■ TASK REQUIREMENTS
Below is a listing with pictures. Repeat exactly the lines starting at the one holding "Never use craft" and going on through the one holding "Anne Hathaway thường", and leave every picture out.

■ SOURCE RECORDS
= = = =
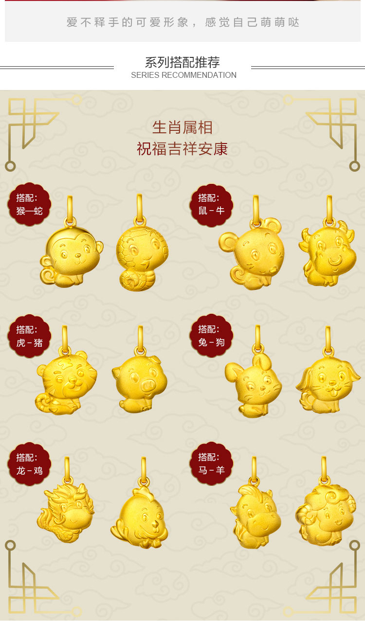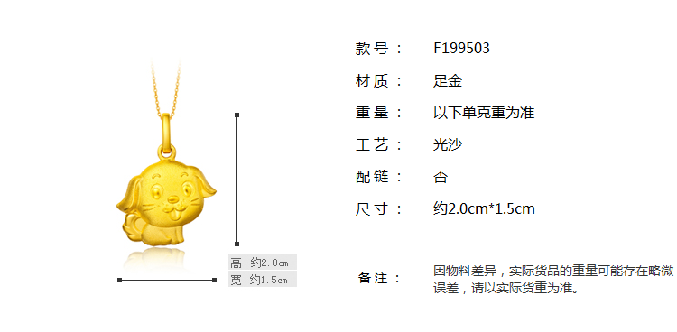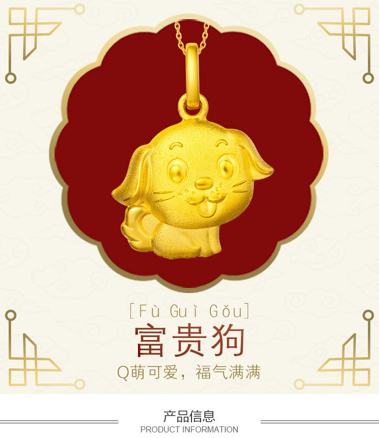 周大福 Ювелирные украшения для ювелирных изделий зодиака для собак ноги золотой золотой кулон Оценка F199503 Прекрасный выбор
= = = =
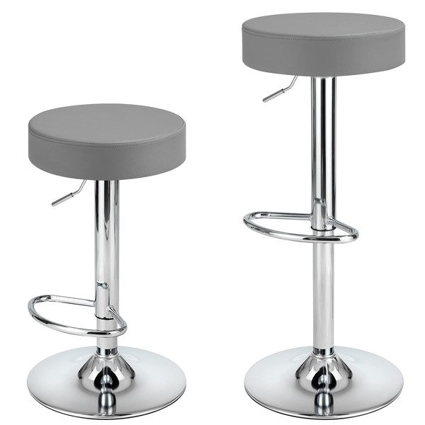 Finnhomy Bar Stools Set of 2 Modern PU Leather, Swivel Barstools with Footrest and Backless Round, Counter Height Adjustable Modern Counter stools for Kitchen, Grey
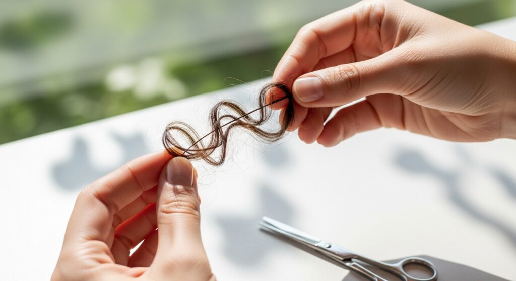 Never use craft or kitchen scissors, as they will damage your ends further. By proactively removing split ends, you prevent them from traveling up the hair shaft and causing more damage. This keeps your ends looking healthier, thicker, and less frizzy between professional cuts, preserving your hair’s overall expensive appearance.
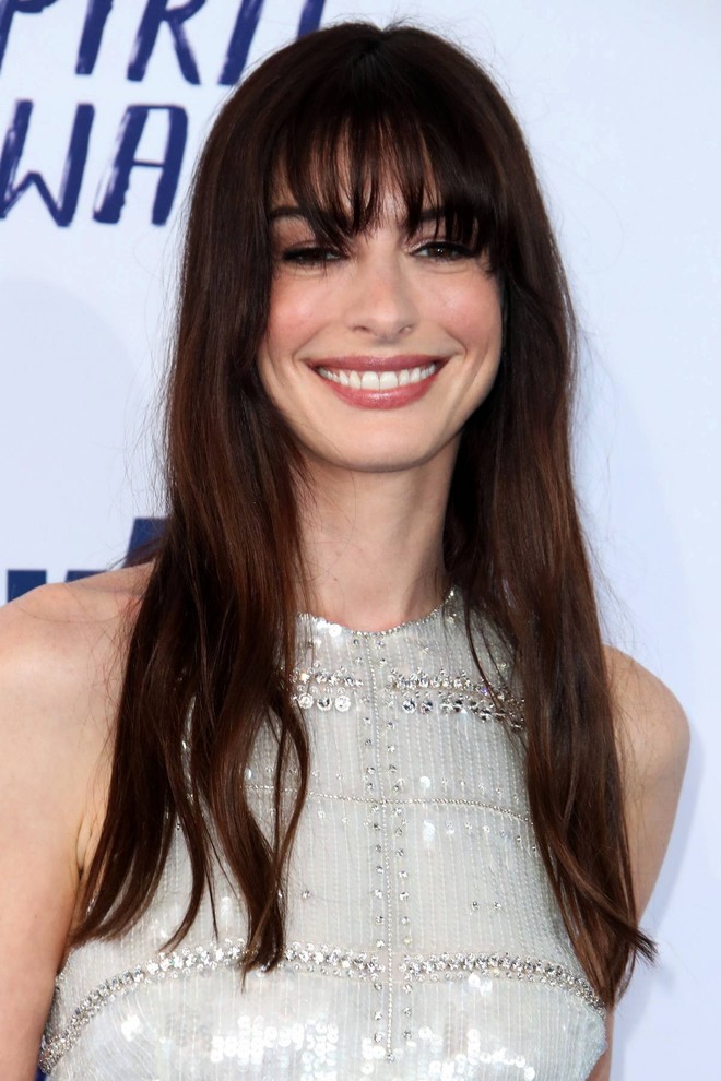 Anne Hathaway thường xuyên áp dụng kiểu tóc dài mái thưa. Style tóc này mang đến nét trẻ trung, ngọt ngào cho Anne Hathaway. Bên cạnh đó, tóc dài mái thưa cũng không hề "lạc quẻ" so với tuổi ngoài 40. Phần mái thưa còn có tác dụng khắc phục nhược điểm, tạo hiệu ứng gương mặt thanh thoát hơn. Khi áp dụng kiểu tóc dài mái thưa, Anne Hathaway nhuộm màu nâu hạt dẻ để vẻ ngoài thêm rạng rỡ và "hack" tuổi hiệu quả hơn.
= = = =
■ TASK SOLUTION
 Never use craft or kitchen scissors, as they will damage your ends further. By proactively removing split ends, you prevent them from traveling up the hair shaft and causing more damage. This keeps your ends looking healthier, thicker, and less frizzy between professional cuts, preserving your hair’s overall expensive appearance.
 Anne Hathaway thường xuyên áp dụng kiểu tóc dài mái thưa. Style tóc này mang đến nét trẻ trung, ngọt ngào cho Anne Hathaway. Bên cạnh đó, tóc dài mái thưa cũng không hề "lạc quẻ" so với tuổi ngoài 40. Phần mái thưa còn có tác dụng khắc phục nhược điểm, tạo hiệu ứng gương mặt thanh thoát hơn. Khi áp dụng kiểu tóc dài mái thưa, Anne Hathaway nhuộm màu nâu hạt dẻ để vẻ ngoài thêm rạng rỡ và "hack" tuổi hiệu quả hơn.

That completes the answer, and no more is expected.